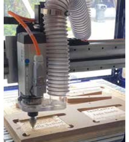
Carving with the CNC Mill
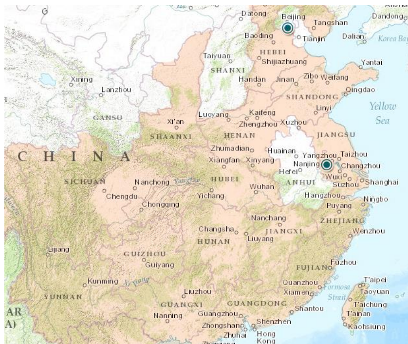
Figure 1 Locations of Beijing and Nanjing in relation to the native habitat of Scutellaria barbata (represented by shaded areas; map created with http://education.nationalgeographic.com/education/mapping/ ).

Current Western research on the chemistry of S. barbata has documented the presence of an array of compounds including flavones and diterpenes with anticancer properties (Wang and Wong, 2011). From BZL101, five active compounds were identified (Fig. 2) (Chen et al., 2012). Among these, flavones such as apigenin and luteolin are well-known to have anticancer activity (Chen et al., 2012; Kim et al. 2005). Chen et al. (2012) found that apigenin exhibited appreciable cytotoxic activity against erythroleukemia (K562), gastric cancer (MGC-803), promyelocytic leukemia (HL60), oral squamous cancer cells (KB) and neuroblastoma (SH-SY5Y). Luteolin was most effective against gastric cancer (MGC-803), promyelocytic leukemia (HL60), and neuroblastoma (SH-SY5Y), liver cancer (SMC-7221) and colon cancer (SW480) (Kim et al., 2005). However, apigenin and luteolin were reportedly non-selective showing cytotoxicity to
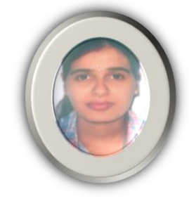
GARIMA AIR – 35 (2012)
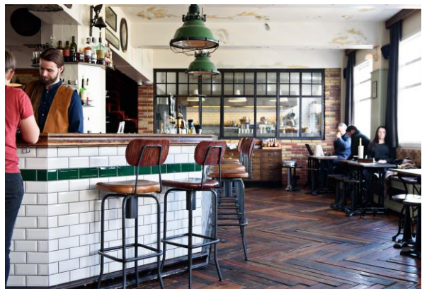
Kex (Reykjavik, Iceland)

*Task objective*
Give an exact copy of the listing above that leaves out every picture.

*Problem solution*
Carving with the CNC Mill
Figure 1 Locations of Beijing and Nanjing in relation to the native habitat of Scutellaria barbata (represented by shaded areas; map created with http://education.nationalgeographic.com/education/mapping/ ).

Current Western research on the chemistry of S. barbata has documented the presence of an array of compounds including flavones and diterpenes with anticancer properties (Wang and Wong, 2011). From BZL101, five active compounds were identified (Fig. 2) (Chen et al., 2012). Among these, flavones such as apigenin and luteolin are well-known to have anticancer activity (Chen et al., 2012; Kim et al. 2005). Chen et al. (2012) found that apigenin exhibited appreciable cytotoxic activity against erythroleukemia (K562), gastric cancer (MGC-803), promyelocytic leukemia (HL60), oral squamous cancer cells (KB) and neuroblastoma (SH-SY5Y). Luteolin was most effective against gastric cancer (MGC-803), promyelocytic leukemia (HL60), and neuroblastoma (SH-SY5Y), liver cancer (SMC-7221) and colon cancer (SW480) (Kim et al., 2005). However, apigenin and luteolin were reportedly non-selective showing cytotoxicity to
GARIMA AIR – 35 (2012)
Kex (Reykjavik, Iceland)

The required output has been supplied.